- Mascalzone Latino Audi Team

Career
- Yacht club: Club Nautico di Roma
- Established: 2002
- Nation: Italy
- Team principal(s): Vincenzo Onorato
- Skipper: Gavin Brady

Yachts
- Sail no.: Boat name
- ITA–90: ITA 90
- ITA–99: ITA 99

= Mascalzone Latino =

Yacht racing team

Mascalzone Latino is a yacht racing team that competes in America's Cup style sailing out of the yacht club Club Nautico di Roma.

==2007==
Known as Mascalzone Latino-Capitalia Team and at that time also representing Reale Yacht Club Canottieri Savoia, the team first competed at the Louis Vuitton Cup 2007, the challenger series held prior to the 2007 America's Cup.

==Louis Vuitton Trophy==
They intended to compete in the Louis Vuitton Pacific Series in 2009 but withdrew due to financial concerns.

The team then became involved in the Louis Vuitton Trophy and provided ITA-90 and ITA-99 for the first event in Nice.
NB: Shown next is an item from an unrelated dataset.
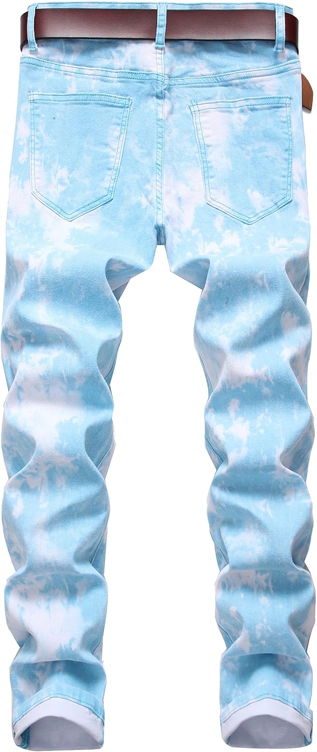 COOSVEN Mens Printed Jeans - Premium Jeans for Men Slim Fit - Skinny Stretch Denim Printed Pants for Men

Mascalzone Latino will host the third event in La Maddalena, Sardinia in co-operation with the Reale Yacht Club Canottieri Savoia.

==2010==
In February 2010 the team announced it cooperation with German automobile manufacturer and long supporter of sailing activities Audi

==34th America's Cup==
On February 15, 2010 Golden Gate Yacht Club announced that they had accepted a challenge from Club Nautico di Roma for the America's Cup. Club Nautico di Roma are the Challenger of Record for the 34th America's Cup and will be represented by their sailing team Mascalzone Latino.

On May 12, 2011, Vincenzo Onorato announced that he was withdrawing Mascalzone Latino from the 34th America's Cup, citing challenges in agreeing with their sponsors on a budget sufficient to fund a competitive team.